Chego na empresa um pouco mais cedo do que de costume, na esperança de ver Olivia, talvez na máquina de café lá embaixo, antes que ela comece a trabalhar, mas não estou tendo sorte, então espero impacientemente Eiko chegar e então pergunto você ligue para Olivia. no meu escritório, onde teremos privacidade.

Quando ela chega, ela parece uma médica sexy. Robe branco aberto sobre um vestido marrom chocolate, com botas de couro marrom de salto alto até o joelho. Ela usa óculos como sempre, mas usa muita maquiagem e realmente parece uma daquelas presidiárias falsas que escondem perversões e fantasias por trás dos óculos de armação grande. Ok, assisti muitos filmes.

Mas eu estaria condenado se não quisesse transar com ela aqui e agora.

“Você queria me ver?” ele pergunta sozinho, ao lado da porta.

-Entre e feche a porta, por favor.-

Ele não se esquiva, enquanto procuro uma forma de apresentar o discurso. “Você perdeu a menstruação?”, ela pergunta.

Eu olho para ela com espanto, percebendo o que ela está insinuando. Cerrei os dentes para não responder da mesma maneira, embora por um momento senti vontade de rir.

"Eu não queria gritar ontem à noite", eu digo.

E eu não tive a intenção de lhe dar uma resposta ruim. Mas você estava me acusando de ir ver meu ex porque eu gostava dele e não gostava, então me desculpe se estou com raiva.-

Ele não parece muito mais conciliador do que ontem à noite e pela primeira vez tento ser fácil com a resposta.

-Eu estava preocupado que ele tentasse novamente. Eu sei o que você me disse, mas não confio nele.-

-E eu? Confia em mim?-

-Sim, mas..-

-Mas nada, Williams! Tenho quase trinta anos, deveria poder estar no mesmo quarto que um homem, inclusive meu ex, e conseguir repelir seus avanços, não acha?

"Não sei, olha como você reagiu aos meus avanços... Mas ele... não acho que ele queira ceder", digo, dando voz aos meus medos.

-E você acha que isso é suficiente para eu fazer isso?-

Não respondo, porque acho que é uma pergunta capciosa, mas meu silêncio parece incomodá-la mais. -Você sabe o que estou dizendo? Tome Xanax hoje à noite então, porque as meninas e eu vamos a um baile e não vou ligar para você!

-Onde você está indo?-

-Você realmente acha que eu te contaria neste momento? “Você terá que confiar em mim, Williams”, acrescenta com um sorriso que me alarma. Olho para as roupas dele e fico nervoso. “Você vai lá vestida assim?” pergunto, sentindo a resposta.

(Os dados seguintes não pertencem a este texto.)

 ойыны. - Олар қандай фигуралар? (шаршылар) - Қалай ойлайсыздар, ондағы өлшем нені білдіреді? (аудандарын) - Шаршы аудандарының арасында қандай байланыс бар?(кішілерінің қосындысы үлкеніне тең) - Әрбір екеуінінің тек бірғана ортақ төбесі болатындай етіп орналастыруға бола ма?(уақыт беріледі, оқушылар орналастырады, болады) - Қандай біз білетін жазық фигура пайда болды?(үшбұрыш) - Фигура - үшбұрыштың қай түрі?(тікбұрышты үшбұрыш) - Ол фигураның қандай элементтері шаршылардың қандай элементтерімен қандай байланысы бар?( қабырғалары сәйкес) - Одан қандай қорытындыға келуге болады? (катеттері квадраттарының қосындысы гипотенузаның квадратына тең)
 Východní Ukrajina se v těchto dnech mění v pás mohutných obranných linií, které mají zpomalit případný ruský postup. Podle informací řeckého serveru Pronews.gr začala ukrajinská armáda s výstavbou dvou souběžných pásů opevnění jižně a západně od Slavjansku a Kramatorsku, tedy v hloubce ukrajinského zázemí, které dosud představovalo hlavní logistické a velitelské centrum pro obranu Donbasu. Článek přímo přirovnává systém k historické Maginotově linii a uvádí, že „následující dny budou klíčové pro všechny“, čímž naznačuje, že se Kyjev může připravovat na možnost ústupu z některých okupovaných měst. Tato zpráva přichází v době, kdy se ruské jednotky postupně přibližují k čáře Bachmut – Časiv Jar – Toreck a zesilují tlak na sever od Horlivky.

Seu sorriso se alarga quando ela se vira três quartos, puxando o vestido até os ombros e me permitindo ver que o vestido deixa suas costas nuas. Ela não está usando sutiã. Tremo quando ele diz -não tenho tempo para me trocar, infelizmente- agitando os cílios.

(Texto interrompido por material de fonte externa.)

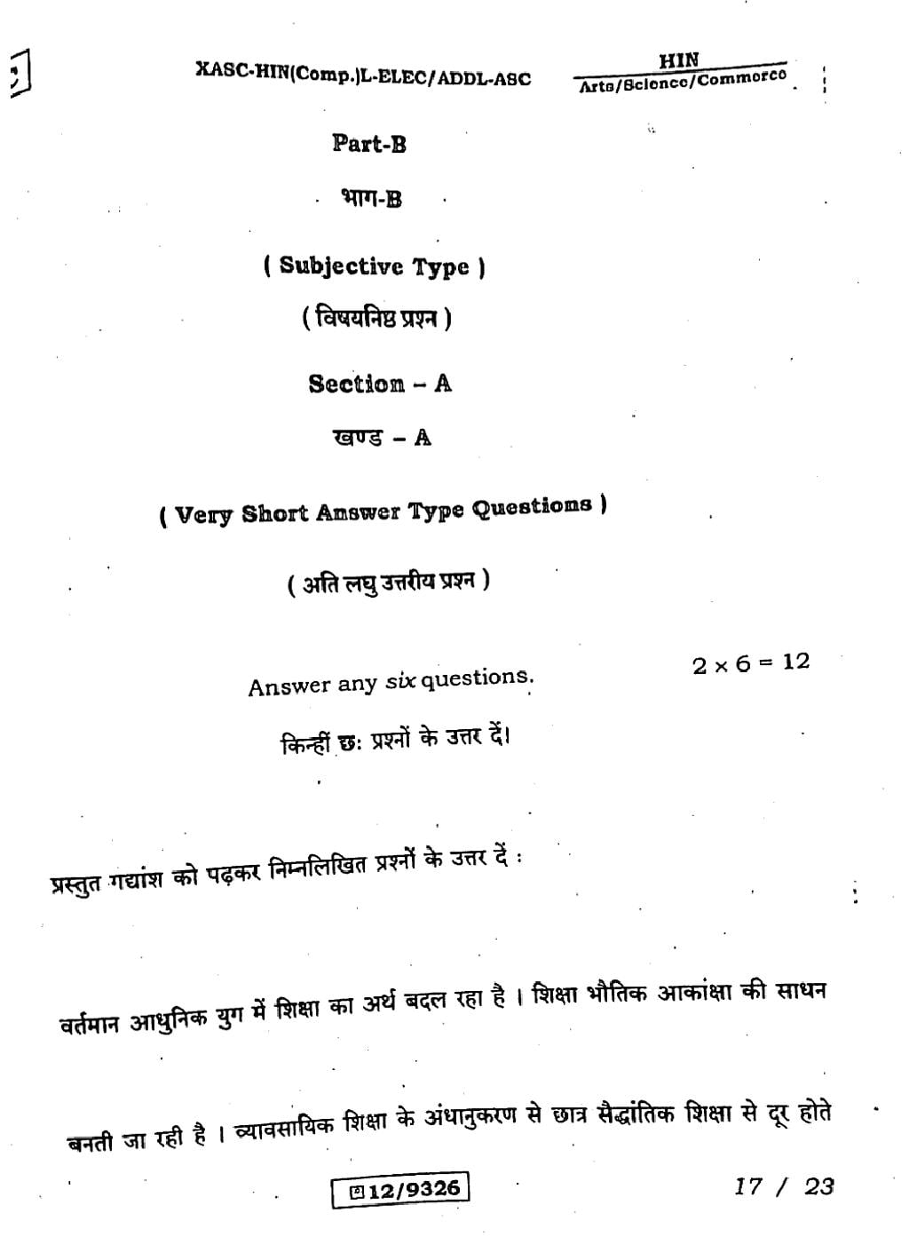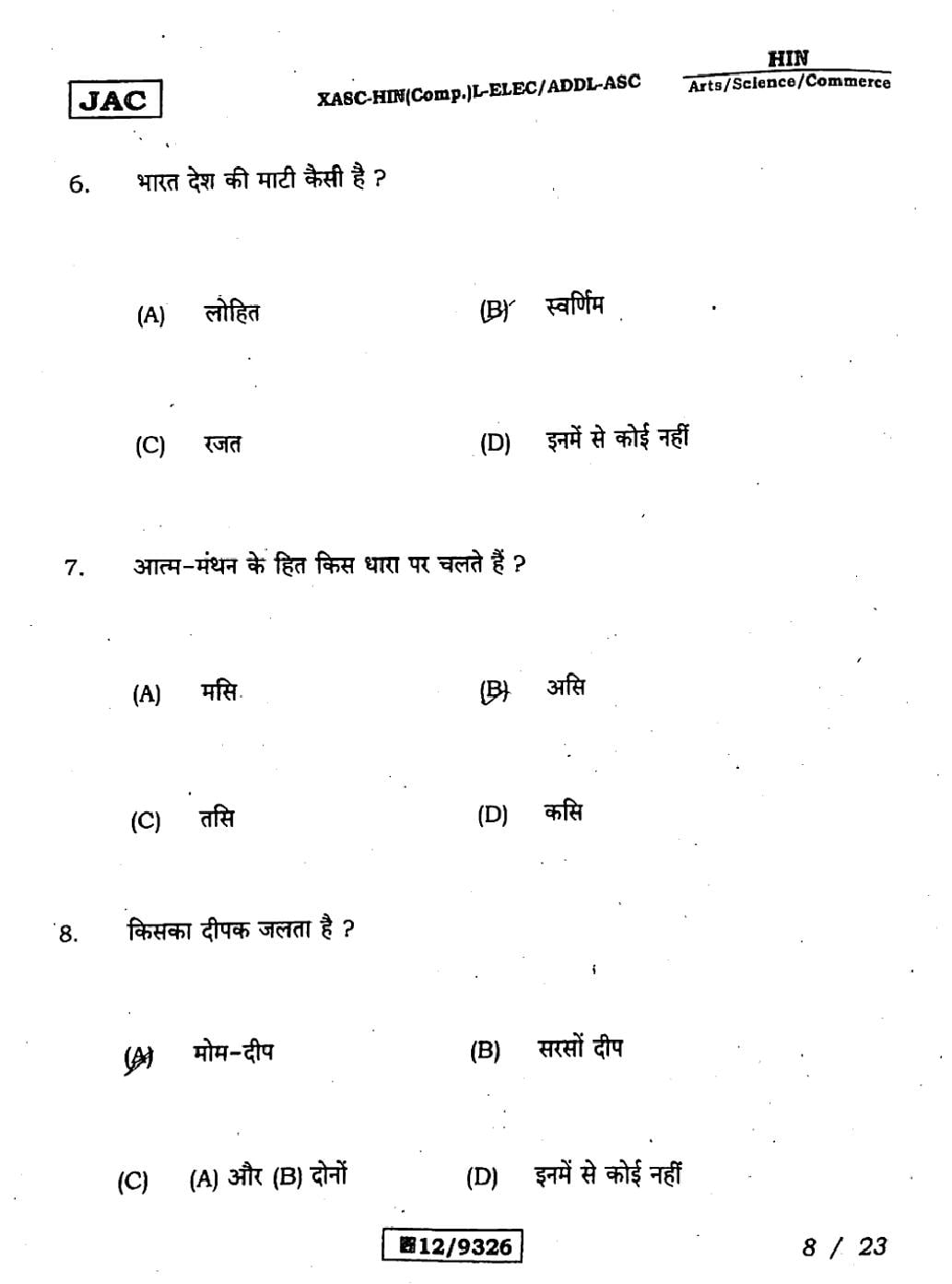 JAC Board Class 12 Hindi Previous Year Question Paper

Dou um passo à frente, mas ela estende a mão como se quisesse me impedir. -Você disse que confiava em mim, lembra?-

Cerro os punhos, com raiva, enquanto ela faz piruetas em direção à porta. "Como eu te odeio quando você faz isso", digo baixinho, porque não quero ser um homem das cavernas e certamente não posso impedi-la de sair hoje à noite vestida assim.

“Eu também te amo!” ela diz sorrindo, antes de fechar a porta atrás dela. O que disse?

Meus pensamentos se misturam enquanto gravo suas palavras. Ele provavelmente estava zombando de mim, certo?